Tzu-Chien opened her campaign with an 83-51 victory over event organizer Angela Janic and downed Jennifer Barretta 84-77 to pick up Mary Rakin Tam in a winners’ side semifinal. Fisher opened with a 93-47 victory over Jeannie Seaver and sent Monica Webb to the loss side 92-67 to draw Hopkins in the other winners’ side semifinal. The second highest score in the event went to Fisher in her 122- 62 win over Hopkins. The fourth highest score in the event went to Tzu-Chien in her 101-70 victory over Tam. Fisher claimed the hot seat 98-76.
On the loss side, Hopkins picked up Seaver, who’d eliminated Chbeeb 89-22 and then won the event’s closest individual match by defeating Line Kjorsvik 63-62. Tam drew Monica Webb, who, after being defeated by Fisher, went on to defeat Heather Lakatos 63-32 and then, Angela Janic 69- 57. In an unlikely coincidence, both Webb and Janic had defeated their first loss-side opponents by the identical 63-32 score.
Seaver defeated Hopkins 56-53 (second closest match), as Webb downed Tam 80-64. Seaver then eliminated Webb 86-70 in the quarterfinals.

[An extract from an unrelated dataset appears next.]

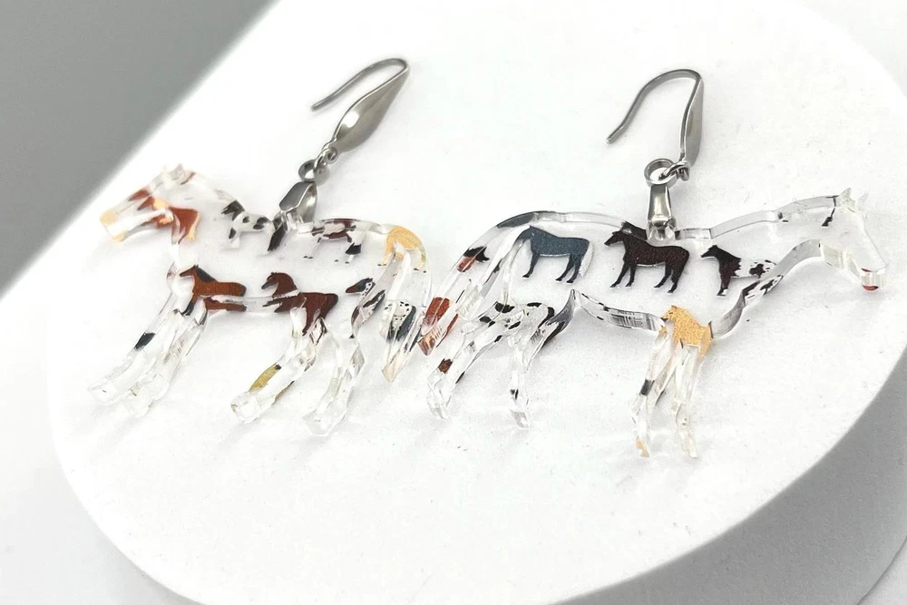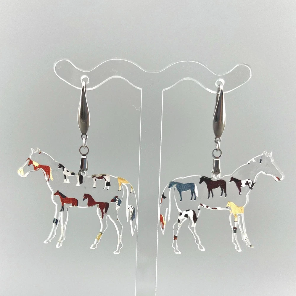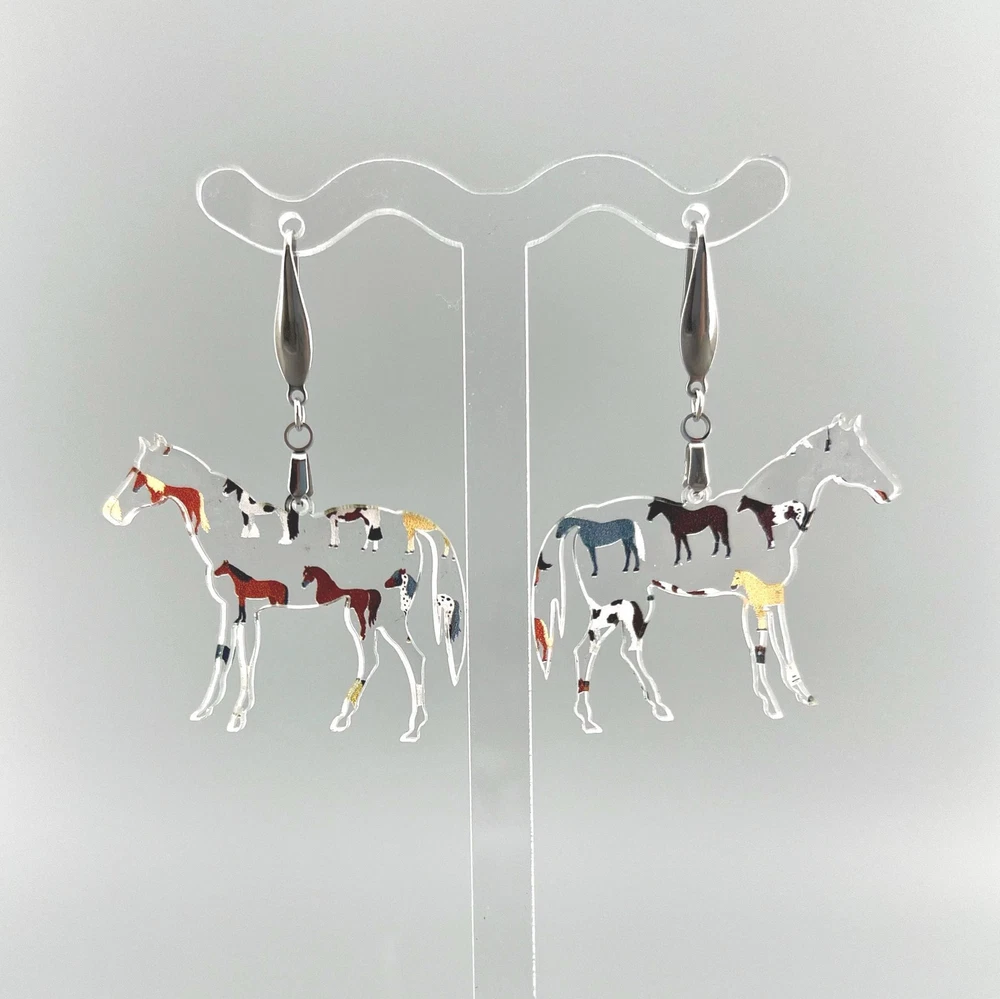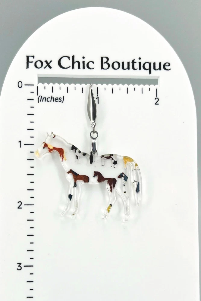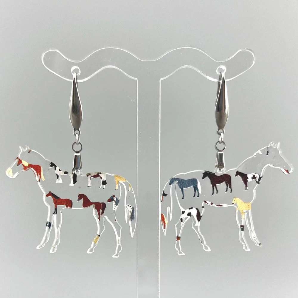 Add a touch of whimsy to your outfit with these charming horse earrings! Perfect for animal lovers, equestrians, and country girls alike. These unique earrings make a great gift for any horse lover in your life. Whether you're heading to the rodeo or just want to show off your love for horses, these earrings are sure to make a statement. Lightweight Acrylic Earrings on a Stainless Steel hook. Earring hardware is stainless steel and nickel/lead free. 🌟(Please see item details/highlights/pictures for size information)🌟 Each earring is laser cut from acrylic and assembled by hand in our studio. 🌟Due to variation in the patterns and handmade processes, each earring will vary earring to earring. No two earrings will be identical but will look similar to what is pictured! Each pair of earrings comes on an earring card with silicone backers and packaged in an organza bag. Perfect for gift giving! We currently do not offer more gift-wrapping options. Shipping: All purchases are shipped in a box with tracking so that they arrive safely to you! Currently we only ship to US postal addresses. We have a set standard shipping time of 1-3 business days from the time your order is placed. Everything in our shop is already handmade and ready to ship FAST! Please be aware that unexpected delays can occur, which you will be notified at the time of any such occurrence. Jewelry Care: 🌟Each piece is delicate! Avoid dropping or bending! 🌟Do Not expose to excessive moisture, please remove jewelry before showering, swimming, and sleeping. 🌟Avoid abrasives, perfumes, lotions, excessive heat, chemicals etc. These may deteriorate your jewelry and may damage its appearance. 🌟Clean with the soft cloth we have included in your package (and it is FREE of Charge!) No Returns: Due to hygienic and safety reasons, ALL SALES ARE FINAL. We DO NOT accept returns. In the event you have an issue with your purchase, please feel free to message us on Etsy to discuss any possible resolution.

Tzu-Chien, no doubt invested in getting a second shot at Fisher, waiting for her in the hot seat, downed Seaver 86-46 in the semifinals and then, chalked up her and the event’s best individual performance at the ‘ghost’ game with a 136- 111 victory over Fisher.
The WPBA’s highly successful series of Ghost Challenge events will get back underway this Wednesday (July 29) with a Virtual 9-Ball Ghost Challenge Tournament of Champions, featuring the top eight players from the recently-completed series of four events.